=== Supplied records ===

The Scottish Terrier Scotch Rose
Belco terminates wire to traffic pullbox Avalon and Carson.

===
=== Supplied records ===

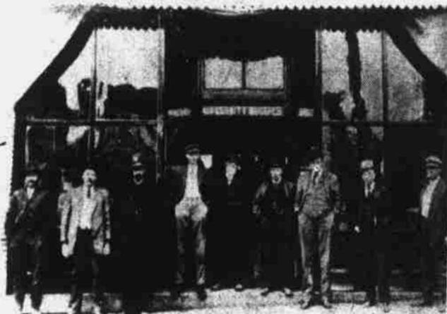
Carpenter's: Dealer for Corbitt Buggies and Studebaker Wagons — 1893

===
=== Supplied records ===

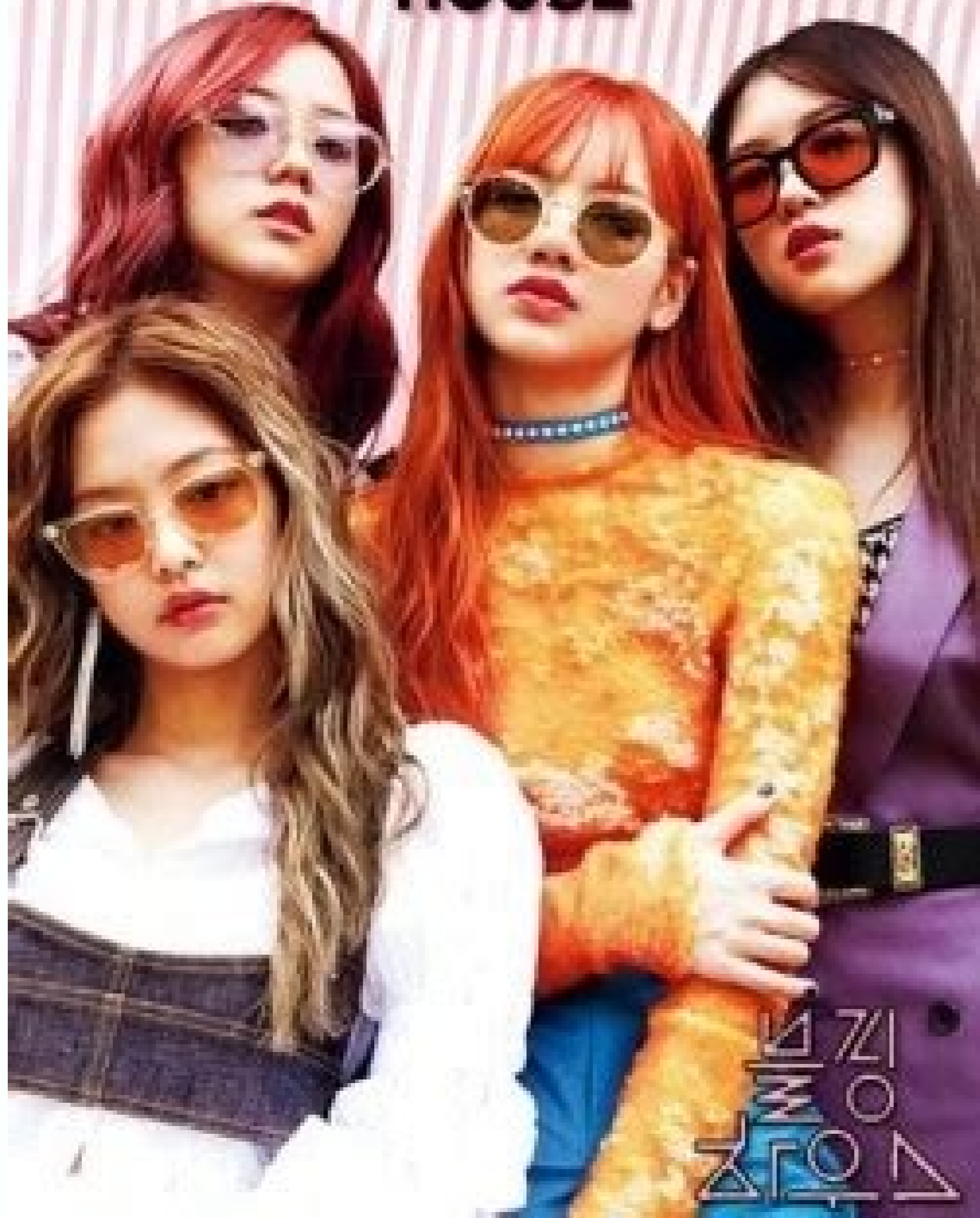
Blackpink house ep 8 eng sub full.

===

--- Aim of the exercise ---
What are the lines, exactly as written above, from the line with "The Scottish Terrier Scotch Rose" to the line with "Belco terminates wire", both included? Output only those.

--- Reply to the exercise ---
The Scottish Terrier Scotch Rose
Belco terminates wire to traffic pullbox Avalon and Carson.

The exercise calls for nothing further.